On the bottom of the page, he had written in optimum calligraphy: Hisana is dead. Droplets of unidentified substance dotted the paper, causing the ink to blot and the space around it to whiten and dilute. Time alone knew how loudly his tears crashed against the smoothness of the page.


The morning of her funeral was a golden one. Her burial site was made on a green mound, at the foot of which tiny scavengers burrowed and ate the dead; but the area around her gravestone was bleached white like the foam of the ocean waves in spring. The smell of medicinal fluids had long left her clothes; it remained amidst the comfort of her bed, along with a few strands of her hair. For now, she had stunk of damp soil.

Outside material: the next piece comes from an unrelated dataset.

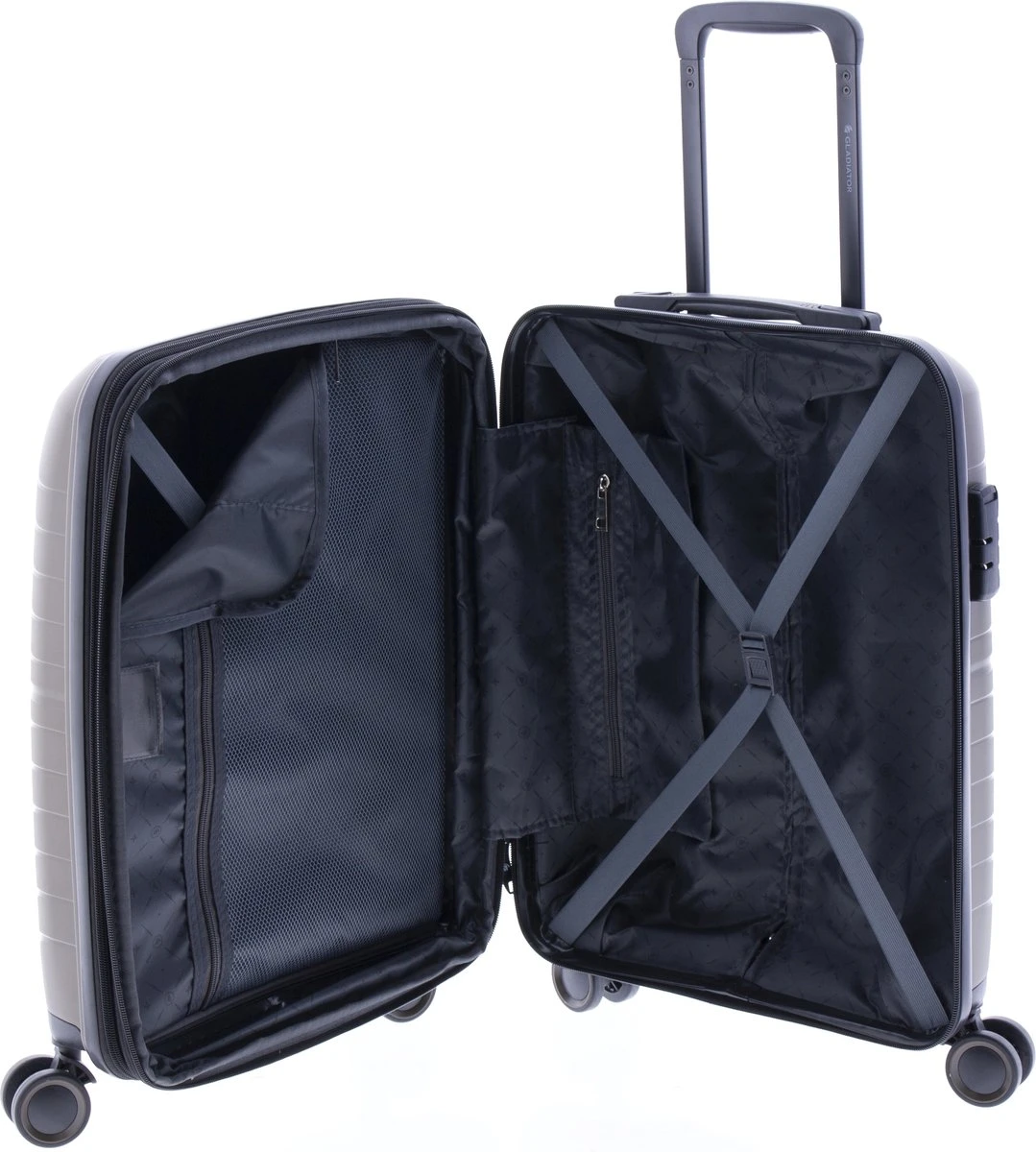 Mooie hardschalen handbagage koffer gemaakt van recyclebaar polypropyleen. Koffer is voorzien van een ritssluiting rondom en een extra expandable rits waarmee de koffer qua volume te vergroten is van 36 naar 40 liter. Binnenin gevoerd en voorzien van tussenschot met ritssluiting, ritsvakje en spanbanden. Koffer is op slot te zetten middels een vast cijferslot op de zijkant van de koffer. Handvat op bovenkant en voorzien van comfortabel 4-wiel systeem.

Byakuya Kuchiki stood in her wake until they started burying her, a handful of earth after another, turning her into some indistinct part of nature. His mind was on Rokongai, on the day he swept her away from the filth and squalor of her former life. She had been fragile and small; but she had been the most human of them all.

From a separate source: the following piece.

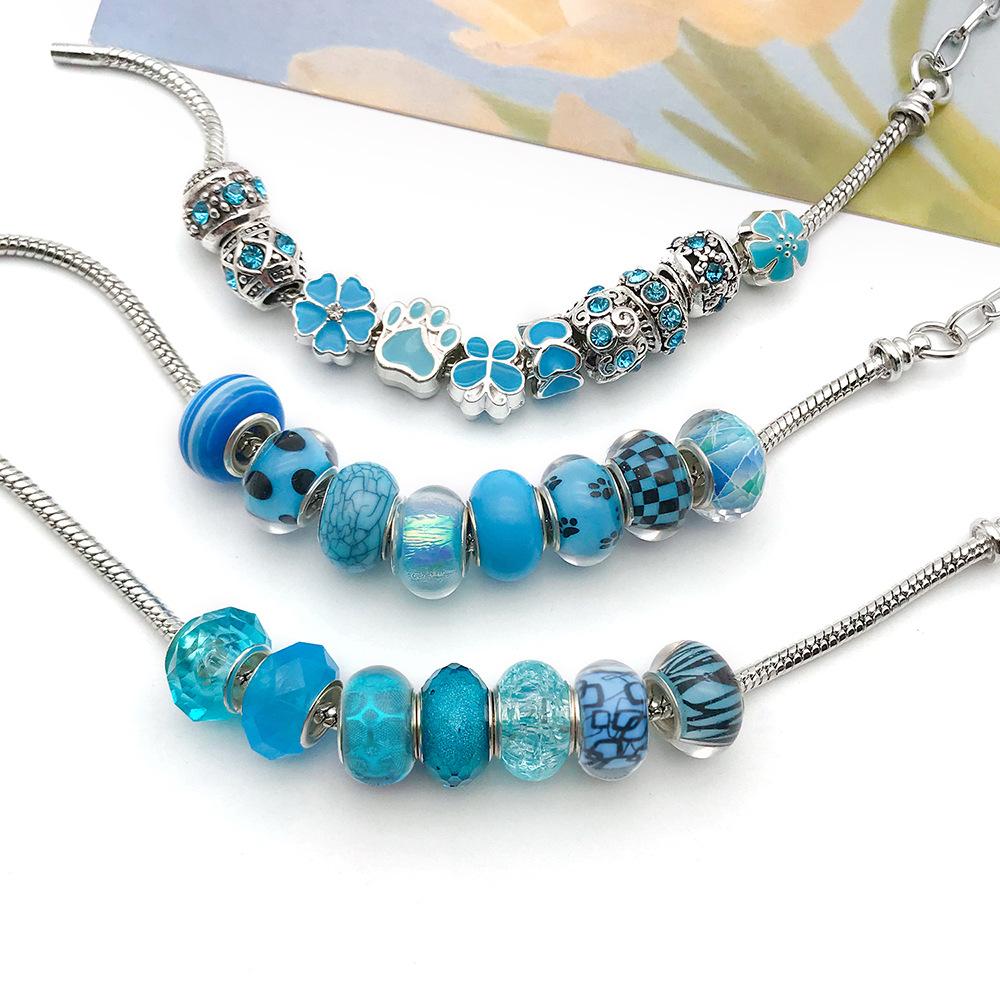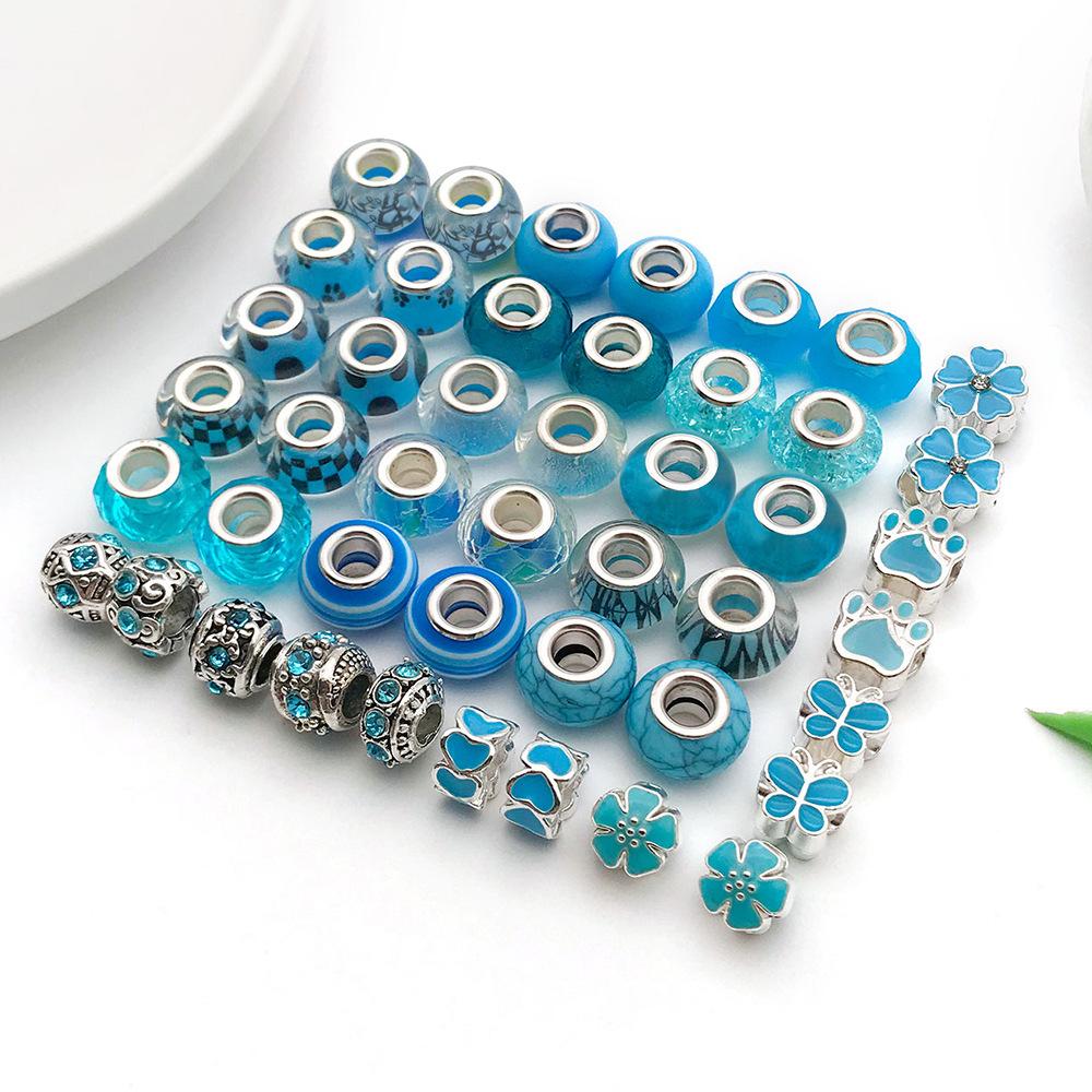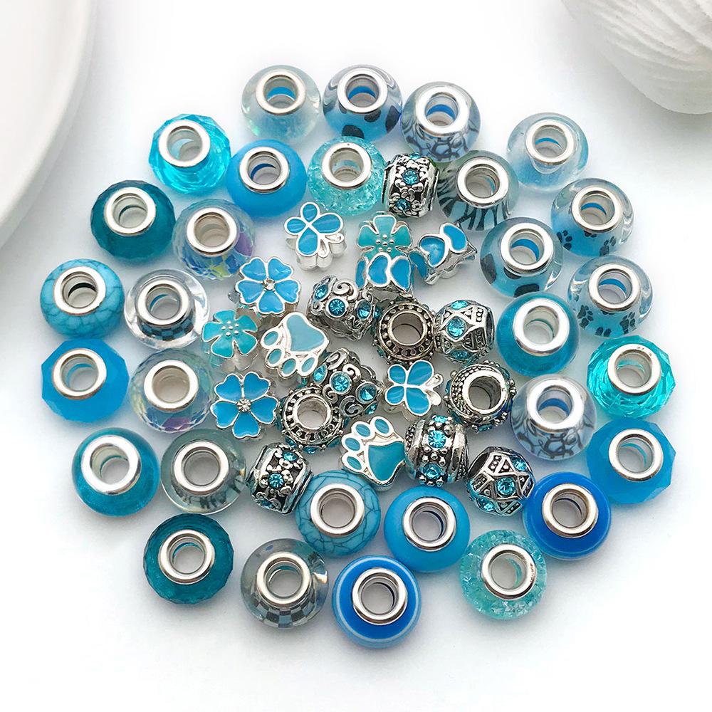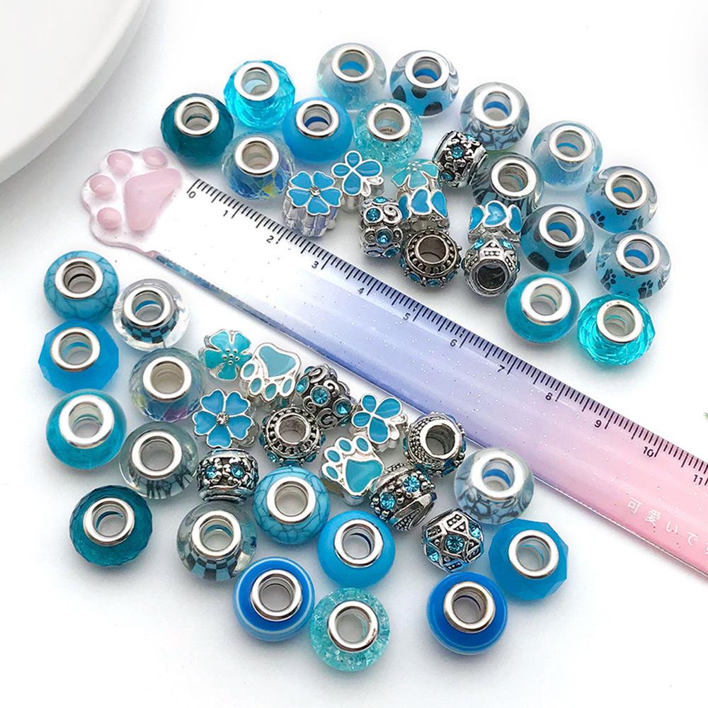 [Nombre]: Cuentas de resina azul lago con aleación y goteo de aceite de agujero grande

Out of all his comrades at the Gotei 13, Unohana Retsu alone came to join his mourning. She had doffed her white cloak and in the morning sun she looked like she had never once wielded a sword. Her black hair strayed faintly, and her even blacker eyes stared far off, beyond the scent of the mountains. She inched closer beside him, the fumes of dirt springing from where she'd stepped on.

"You didn't tell me how bad it was." He began.

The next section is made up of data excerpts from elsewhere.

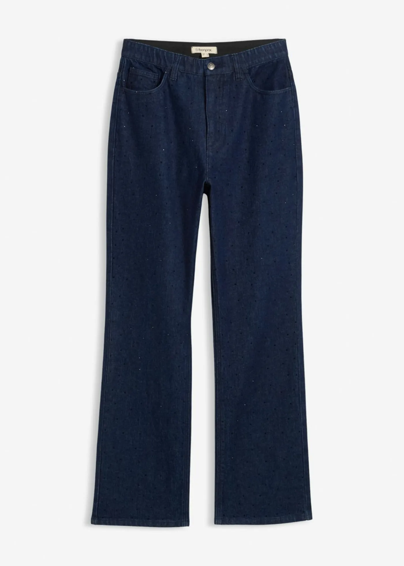 Vaqueros rectos de talle medio con corte holgado, cinturilla elástica y piedras brillantes, Largo. regular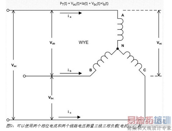 用于测量三相电路功率的双功率计方法可以用四通道示波器来实现。三线三相负载的功耗可以用一个四通道示波器来确定,方法是测量两个相位电流和两个线路电压。举例来说,观察图9所示原理图,三相电机消耗的总功率可以通过测量Vac、Vbc、Ia,和Ib加以确定: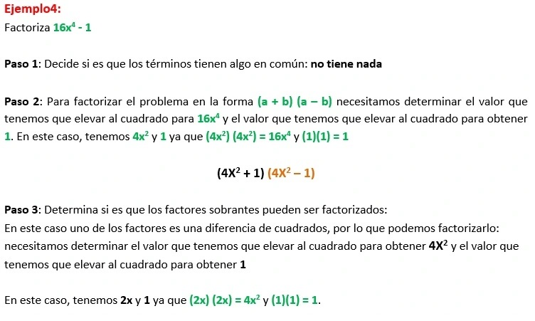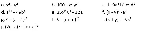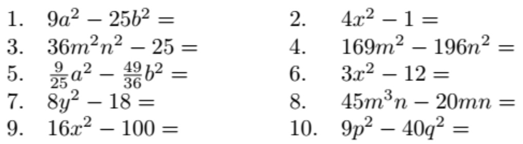 2. Realizar los siguientes ejercicios en el cuaderno utilizando el método de factorización de binomios para diferencia de cuadrados: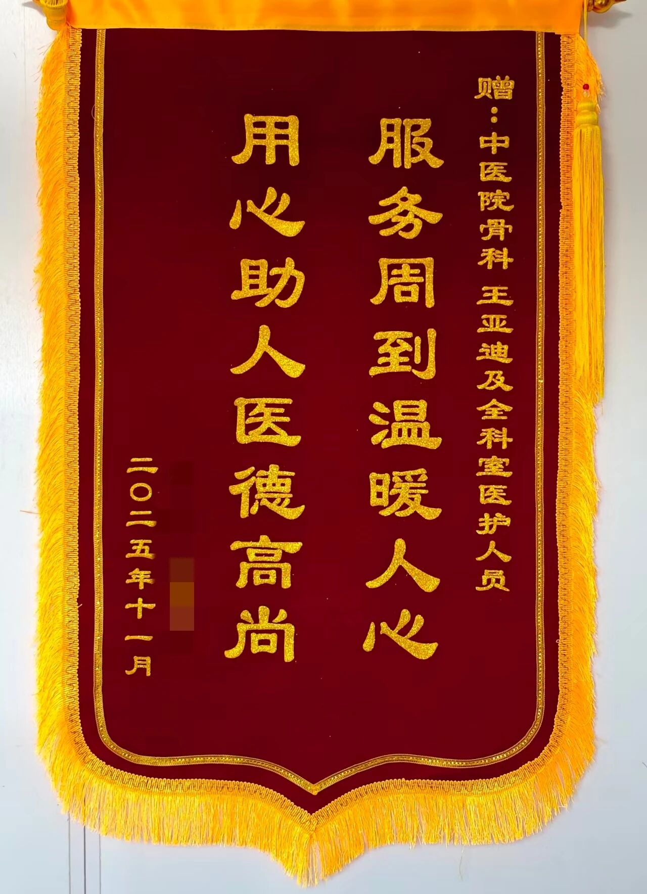 “你們不僅醫(yī)術(shù)高超,還特別有耐心,讓我感受到了家人般的溫暖。” 送錦旗時,黃女士反復(fù)說著感謝。面對贊譽,主管醫(yī)生王亞迪笑著回應(yīng):“這是我們醫(yī)務(wù)人員應(yīng)該做的,看到患者康復(fù),就是我們最大的心愿。” 一面錦旗,不僅是患者對醫(yī)護團隊的認(rèn)可,更是醫(yī)患之間濃濃真情的見證。(骨 科 王亞迪)
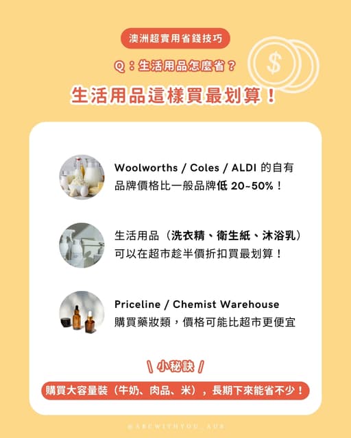 - 日用品及網路費每週約20-30澳幣。

"She didn't want you to know her real condition."

"I see."

"I'm sorry. She loved you." She muttered. The gust of air sank her voice.

"Yes." He admitted.

He held in his hands and mind the promise she left him with. To find the sister she abandoned. But in his pocket he clutched the last page of his book's copy, where he'd once written all of his heart's content. He fished it out for her to see, the crumpled whitish sheet telling an altogether different story. One apart from all of this.

She protested and shook her head. She knew. There was nothing more to be said.

"When I was a child I told my mother I would marry you." He spoke just when she was ready to depart.

"But where is she?"

"She is dead. Like Hisana."

"Then let it be dead. It's easier that way."

She scuttled away from him, from the scene, and let the wind speak for her thoughts. He sighed at her retreating figure, grasping no memory of it, as the blades of grass below swayed afresh on their roots. He thought of Hisana, how she'd bothered to cook dinner for him after a long day; how, knowing he hated it, she'd ask him to relay the gory details of his fights. She had laughed at whatever he said and shed caution off where it should be assumed. She had died smiling. He thought of Unohana Retsu; how she'd dressed his wounds after a deadly battle without a word and without asking anything in return. She was able to regenerate lost limbs, refill spilled blood, reconnect open gashes on the skin, cure terminal illnesses, even restore damaged vital parts. She had done all this without the aid of expression. She never smiled.

And she would never be able to heal a broken heart.

In the warmth of a bright summer morning at his wife's funeral, Byakuya Kuchiki nursed a heart broken twice by women he believed he loved. That night he would fight the most merciless of his wars.